One man was about to call it quits after floating out into the ocean (long story, just watch the show), but found the motivation to swim again after thinking of his parents and young niece, who he didn’t want to leave behind. This purpose literally fueled him to reach the shore and be rescued.

Another man crashed his plane in the middle of the remote African desert, and while contemplating death as his lips melted off (long story, just watch the show), he thought about his mission in life to save the African Painted Dogs from becoming extinct.

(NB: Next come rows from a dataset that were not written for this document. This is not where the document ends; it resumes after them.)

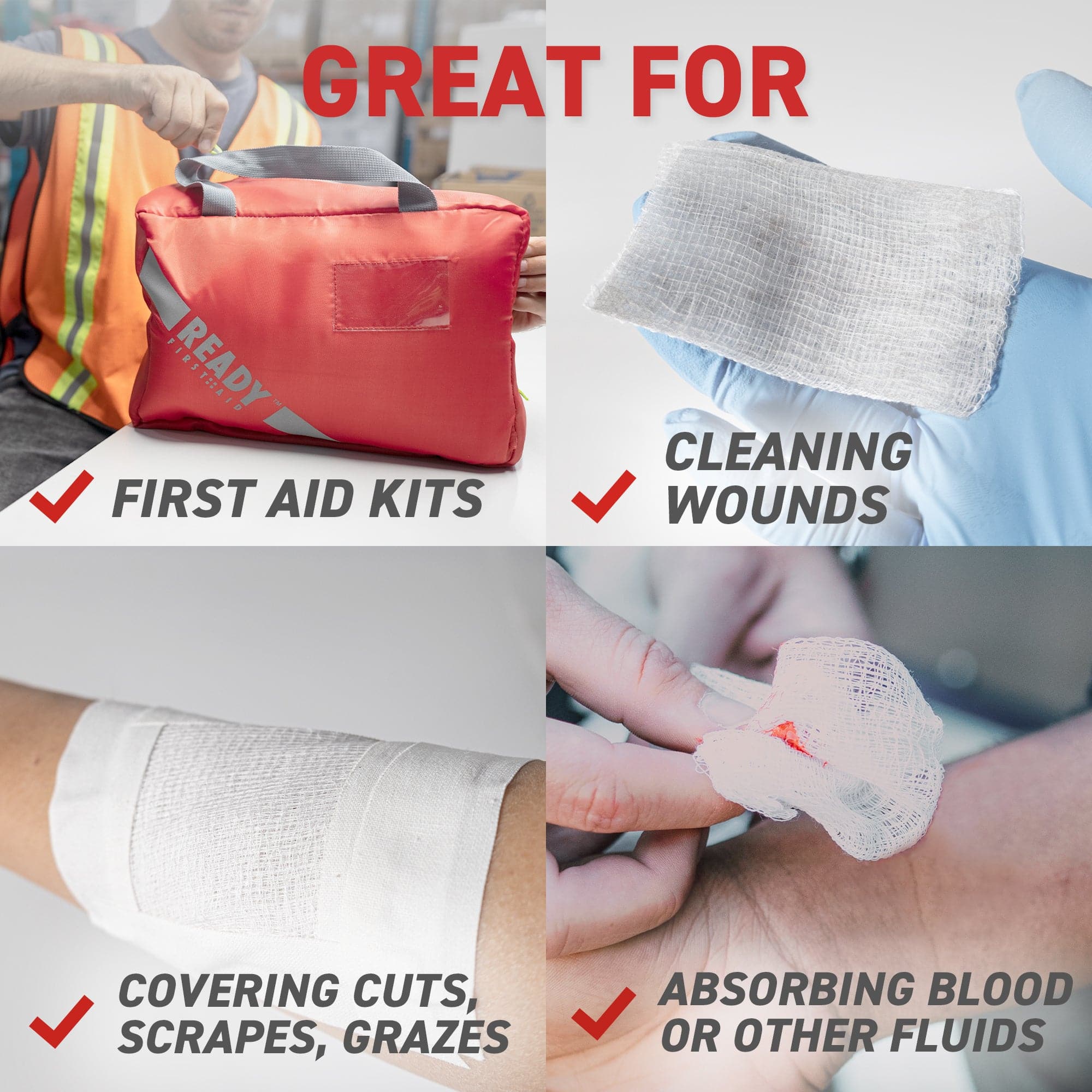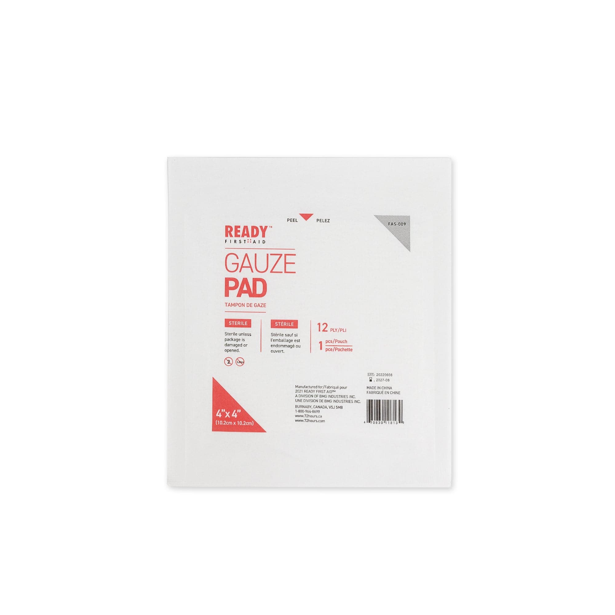 The Ready First Aid Gauze Pads are made with 100% cotton and are 12-ply. Each gauze pad is individually wrapped and sterile so that the gauze can be applied to an open wound directly. An essential item and great for treating minor cuts and scrapes.
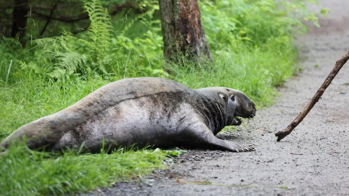 Një fokë është parë dje duke shëtitur në parkun Shubie në Dartmouth të Halifax. Menjëherë sapo është konstatuar fakti, janë lajmëruar zjarrfikësit dhe policët, të cilët kanë rrethuar vendin për ta mbajtur atë në distance nga kalimtarët dhe qentë që shetisnin atypari në shoqëri të kalimtarëve. U thirr gjithashtu një veteriner i cili injektoi një qetësues përpara se foka të transportohej sërish drejt brigjeve të Atlantikut. Askush nuk ishte në gjendje të shpjegonte se si gjitari ka mundur të përshkojë kilometrat që ndanin parkun nga bregu i oqeanit.
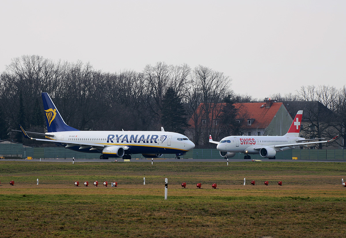Ryanair(Malta Air), Boeing B 737-8AS, 9H-QAG, Swiss, Airbus A 220-100, HB-JBC, TXL, 15.02.2020
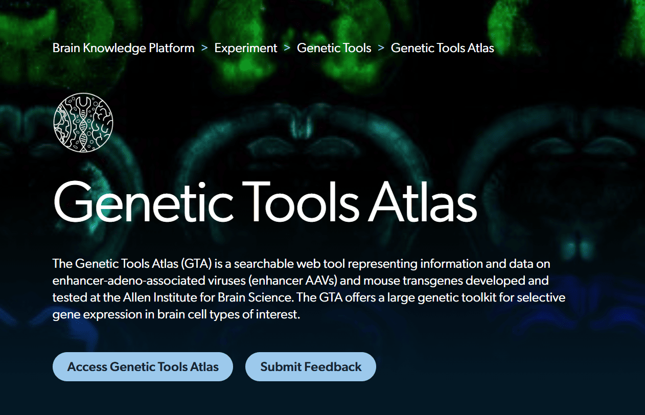 The Genetic Tools Atlas (GTA) is a searchable web tool representing information and data on enhancer-adeno-associated viruses (enhancer AAVs) and mouse transgenes developed and tested at the Allen Institute for Brain Science. The GTA offers a large genetic toolkit for selective gene expression in brain cell types of interest.
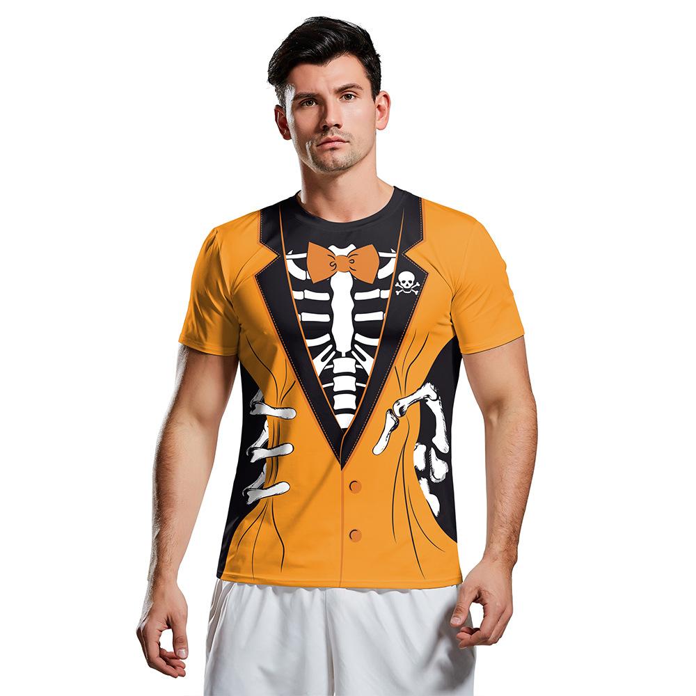 Летняя Новая Хэллоуин Скелет Цифровая Печать Большой Размер Футболка Короткий Рукав Платье для Пары
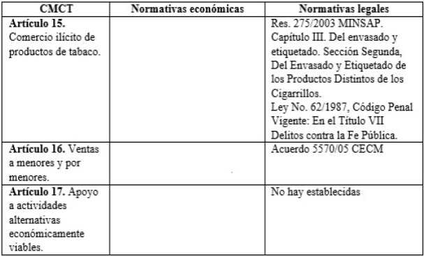 Como se ha presentado en los resultados de esta investigación, Cuba cuenta con numerosas normas jurídicas que se relacionan con los artículos del CMCT - OMS, que aun estando dispersas, pudieran tener un efecto mayor si se controlaran, de manera adecuada, su implementación y cumplimiento 24.
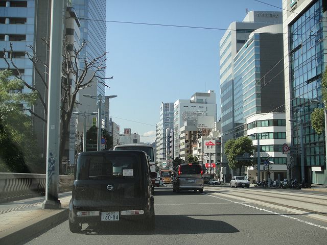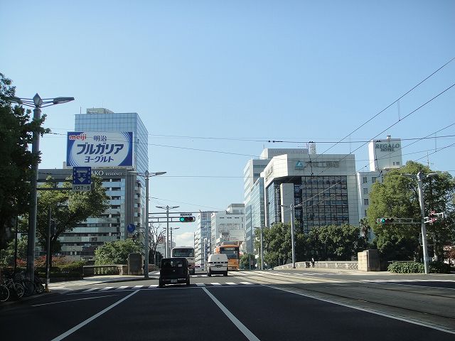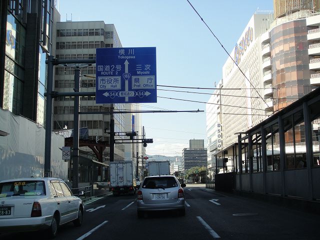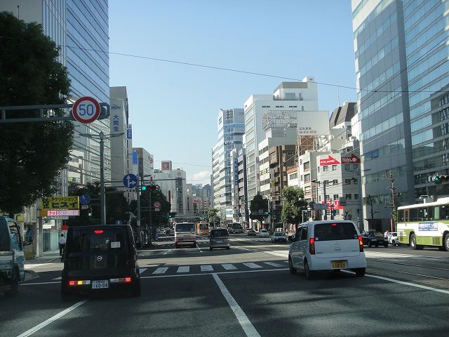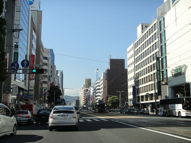 広島県道164号の稲荷町交差点から紙屋町交差点へ向けて西へ走行していきます。
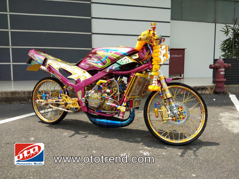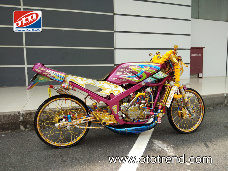SOK DEPAN / BELAKANG : Fast bike custom - YSS Repaint, CAKRAM DEPAN : Fast bike, MASTER & KALIPER : KTC/Brembo, TROMOL : Custom, SWINGARM : BPro, PELEK : DFT V-line 140-17, BAN : Duro 50/65, ENGINE : Korek harian, KOPLING : Hidrolis, OIL COOLER : FU custom, KNALPOT : AMF Muffler, LAMPU : Custom projie, PIJAKAN KAKI : MotoGP, STANG : Fastbike, STABILIZER : RGR, TACHO & GAUGE : Koso replica, GAS SPONTAN : Willwood, EPOXY - CAT & CLEAR : Pentagloss - Auto, BENGKEL KROM : G-chromed, MODIFIKATOR : ABRT Garage - Legenda Point Batam CP : 0877-9119-2488.
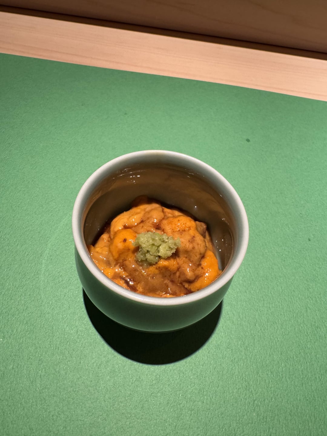 I decided to come here even though there were a few complaints on Google about the menu being a bit rushed. I can’t say that’s entirely false, I was there for about one hour for tsumami + nigiri but didn’t feel rushed at all; chef and his assistant were very kind and willing to talk about each course – like how he has two kinds of uni on the menu, one from Hokkaido and one from Tokyo bay.
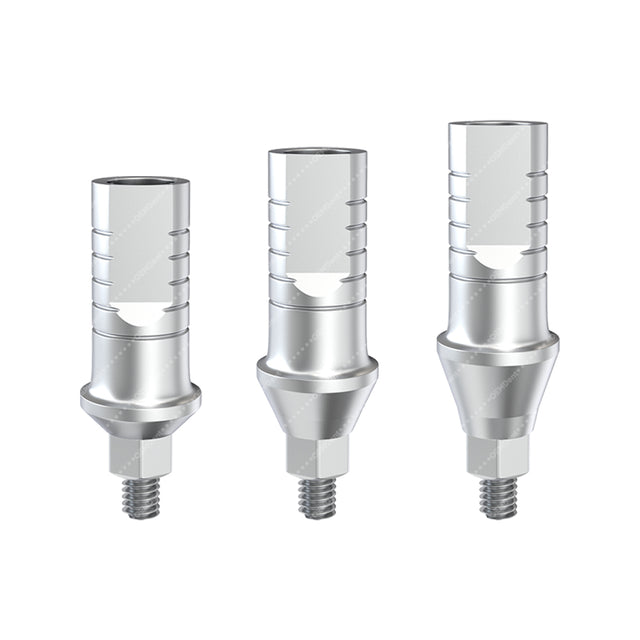 Our Straight Abutments are crafted from high-quality Titanium Grade 5 (Ti-6Al-4V), ensuring exceptional strength, biocompatibility, and long-term durability in all prosthetic procedures. Designed to provide a stable and secure connection between the implant and the final restoration, these abutments offer a clean emergence profile that supports healthy soft tissue and esthetic outcomes.
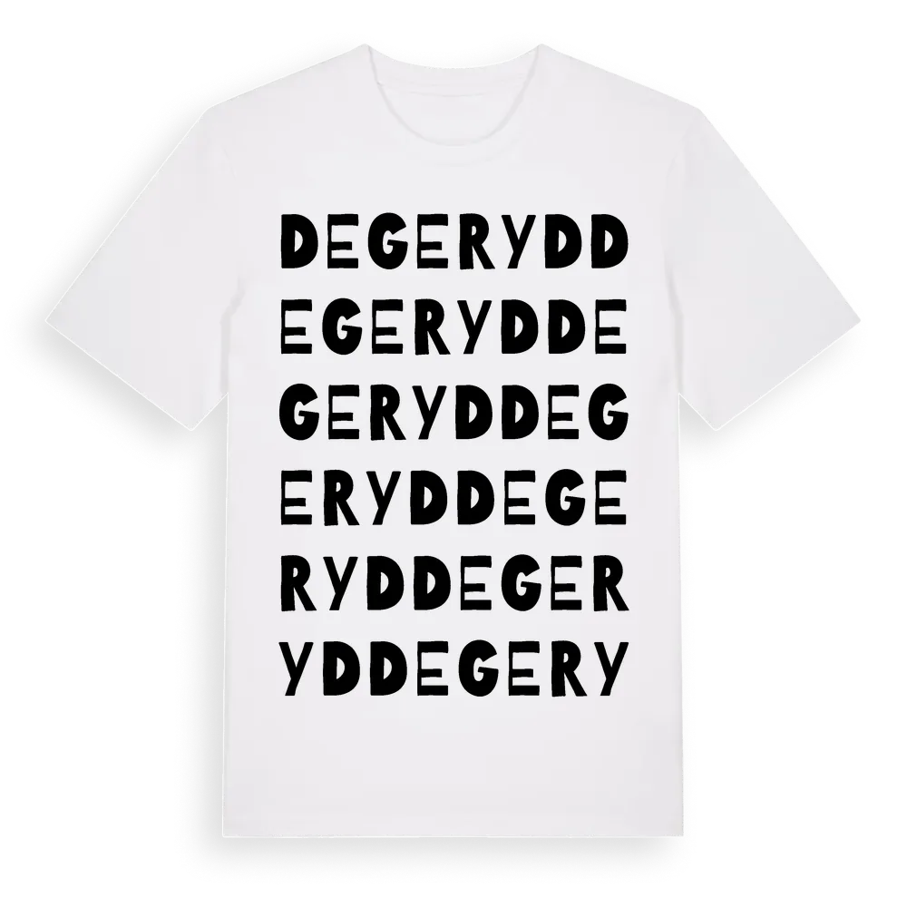 Degeryd ordlek t-shirt är inspirerad av byn Degeryd i Östergötlands län, Sverige. Tröjan är designad för dig som har en speciell koppling till platsen – oavsett om du bor här, har rötterna här eller bara älskar Degeryd.
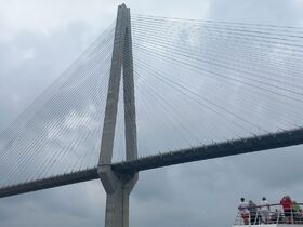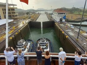 Der Kapitän gibt Gas und wir überholen sogar ein Frachtschiff. Gegen 14 Uhr sind wir bei den Schleusen am Ausgang des Kanals wo das Schiff wieder auf Meeresspiegel abgesenkt wird.

Those endangered little dogs gave this man the will to hang on as he waited for his eventual rescue.

What does this mean for those of us not in survival mode?

Fortunately most of us aren’t clinging to life right now; we haven’t fallen from a cliff and we aren’t trapped in a canyon (and if you are, kudos to your Wi-Fi provider for being able to read this). But we do experience an assortment of crappy moments, compliments of the human condition: being let go from work, the return of your plantar fasciitis, losing Chuckles the family cat, being asked for divorce, the ending of My Octopus Teacher, existential angst, mounting debt, having the blahs… the list goes on and you know that it does.

Of course I’m not equating having an ingrown toenail with losing all 10 toes to severe frostbite (long story, just watch the show). But think about how having a reason to live helped these survivors to keep trucking along at the tough business of living. In our own non-treacherous day-to-day way of living, how connected are we to the reasons we have to stay on track, to stay committed, to give a shit, to care?

What is your African Painted Dog?

And how could knowing what your purpose is motivate you to do whatever you do with a little more gusto?

How could plugging into the renewable energy source of a reason to BE HERE help you live like you mean it?

Life is too precious to not feel like there’s a reason for us to be here. So imagine yourself in a catastrophic, death-defying moment — the most horrific one you can summon in your head, just for cinematic effect — and try your darndest to summon your reason to not give in to the hyenas or the dehydration. Is it your kids? The vintage car you’re painstakingly restoring? The potential you know you’re going to reach one day? The parrot you have waiting at home for you? The non-profit you’ve been planning to start?

It doesn’t matter what your reason and purpose for being alive is, it just matters that you have one and tune into it. You’ll use it unbeknownst to you on the average days and you just might need it to stay alive if you’re ever lost in the jungle.